You know someone is losing an argument when they try to shift the topic of the debate. There is no better example than the public health establishment's foolish campaign against vaping. Case in point: a just-published research letter in JAMA has found that “e-cigarette use among adolescents may have countered” some of the benefits of the decades-long decline in teen smoking. The study was accompanied by the usually uncritical media coverage in major outlets like US News and World Report:
"Electronic cigarette use is driving a rise in the proportion of young people who try but fail to quit using nicotine, a new study indicates … Lead study author Richard Miech, a research professor in the University of Michigan’s Institute for Social Research, says e-cigarettes are a potential threat to the progress made in recent decades in decreasing nicotine use among youth.”
Nonsense, every word of it, and the study itself was no better. The misdirection began in the second sentence of the research letter:
“The prevalence of lifetime adolescent cigarette use has declined from 57% in 1997 (the year before the Master Settlement Agreement of 1998 that prohibited marketing of cigarettes to children) to 16% in 2020. However, e-cigarette use among adolescents may have countered some of this decline in nicotine use and its potential effects on health.”
In case you missed the sleight of hand, the authors shifted from declines in cigarette smoking to decreases in nicotine use. This is misleading because most adolescent vapers were cigarette smokers who have transitioned from a very dangerous product, combustible tobacco, to a far less harmful alternative in electronic cigarettes. ACSH opposes teen use of any nicotine-containing product. But as I've argued previously, we have to be honest about what the data show.
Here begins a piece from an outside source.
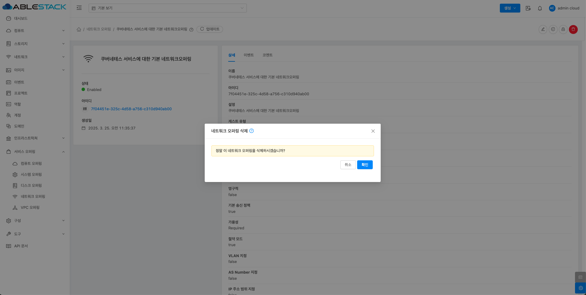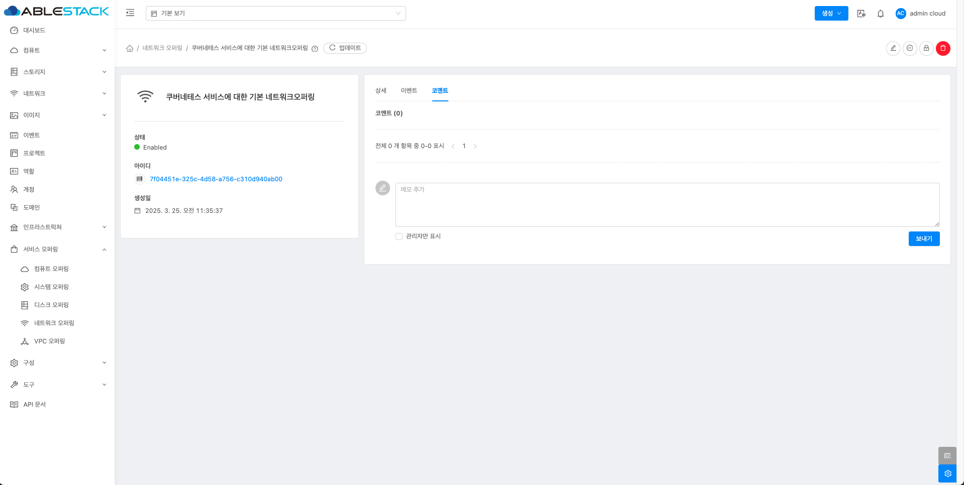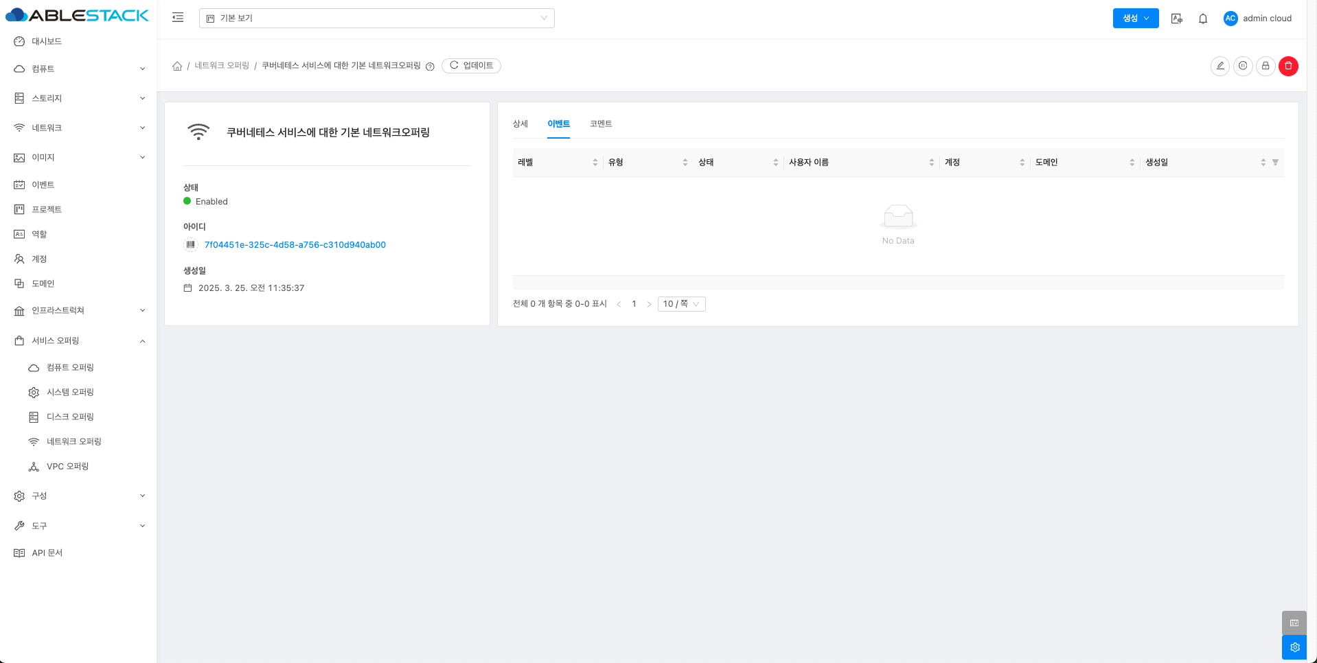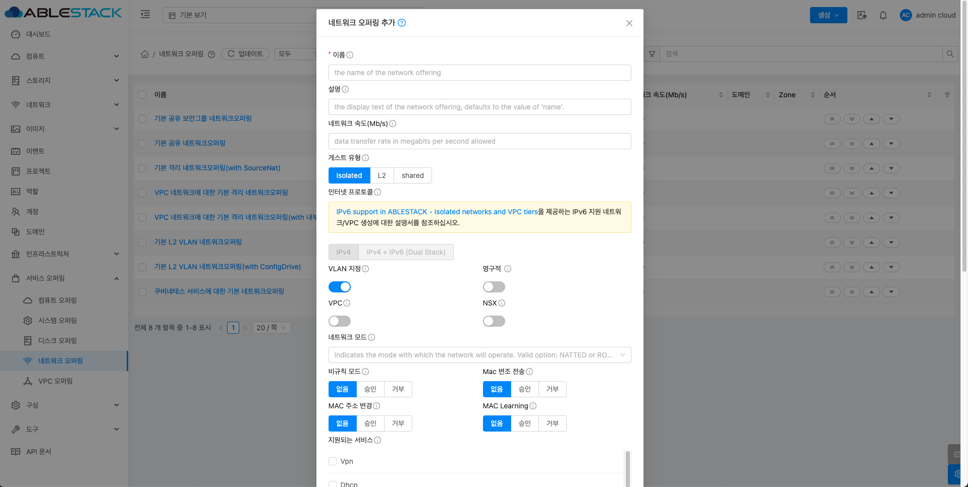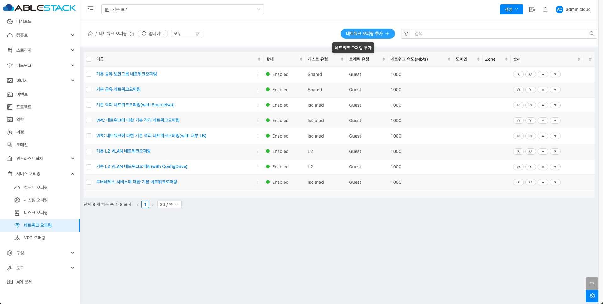 - 서비스 오퍼링의 네트워크 오퍼링에서 상단의 네트워크 오퍼링 추가 버튼을 클릭합니다.

Complaining that e-cigarette use has “countered” the drop in teen smoking wrongly suggests that non-smoking adolescents are developing a nicotine addiction via vaping. This is false, inaccurate, incorrect, dishonest—use whatever term suits you. The evidence does not support the “teen vaping epidemic” mythology perpetuated by public health researchers who should know better.
According to the CDC's National Youth Tobacco Survey, just three percent of teens vape daily, and the vast majority are former smokers. Only one percent are current e-cigarettes users with no history of tobacco use, and overall teen vaping has declined 42 percent in the last year alone. [1] Keep these numbers in mind as we move forward.
Neurobiologist Dr. Charles Gardner gives the teen vaping data some needed context.
Back to the research letter:
“Analyses centered on the questions 'Have you ever tried to stop smoking cigarettes and found that you could not?' among ever smokers (asked between 1997-2020) and 'Have you ever tried to stop vaping nicotine and found that you could not?' among ever e-cigarette users (asked in 2020 only). Response categories were 'yes' or 'no.' Based on responses to these 2 survey questions, a variable was coded identifying a failed quit attempt for either combustible cigarettes or e-cigarettes.”
My colleague Dr. Chuck Dinerstein employs the term “Mathmagic” when dissecting questionable epidemiological studies. The above paragraph contains the raw material for Mathmagical calculations, because a two-question survey cannot possibly provide a realistic assessment of anyone's behavior, especially that of teenagers—who are known to misreport information related to their risky habits. No advanced statistical footwork can compensate for flawed data.
Moreover, the researchers only had one year's worth of evidence on teen vaping from the Monitoring the Future survey, and only for a tiny segment of their sample. Out of 815,690 respondents, just 3,050 reported “lifetime” vaping. [2] Of those individuals, 365 (4.12 percent) reported at least one unsuccessful quit attempt. That means their conclusion—the prevalence of unsuccessful quit attempts in 2020 was higher than in each of the previous 13 years—hinges on the self-reports of 365 teenagers.
The good thing about giant data sets is that they make epidemiological studies with flashy conclusions easy to conduct. The downside is that those studies are often useless. This research letter perfectly illustrates why. Teen vaping is undesirable; it's also declining. Let's move on to a public health problem that really impacts adolescents, of which there are plenty to choose from.
[1] “Current use” of e-cigarettes is a dubious statistic because it includes individuals who have vaped at all in the last 30 days. It combines teens who may have experimented once with those who are actually regular vapers.
[2] “Lifetime” or “ever" e-cigarette use, the terms were utilized interchangeably in the letter, is similarly misleading. It doesn't account for how much or how often someone vapes. See this article for more on that.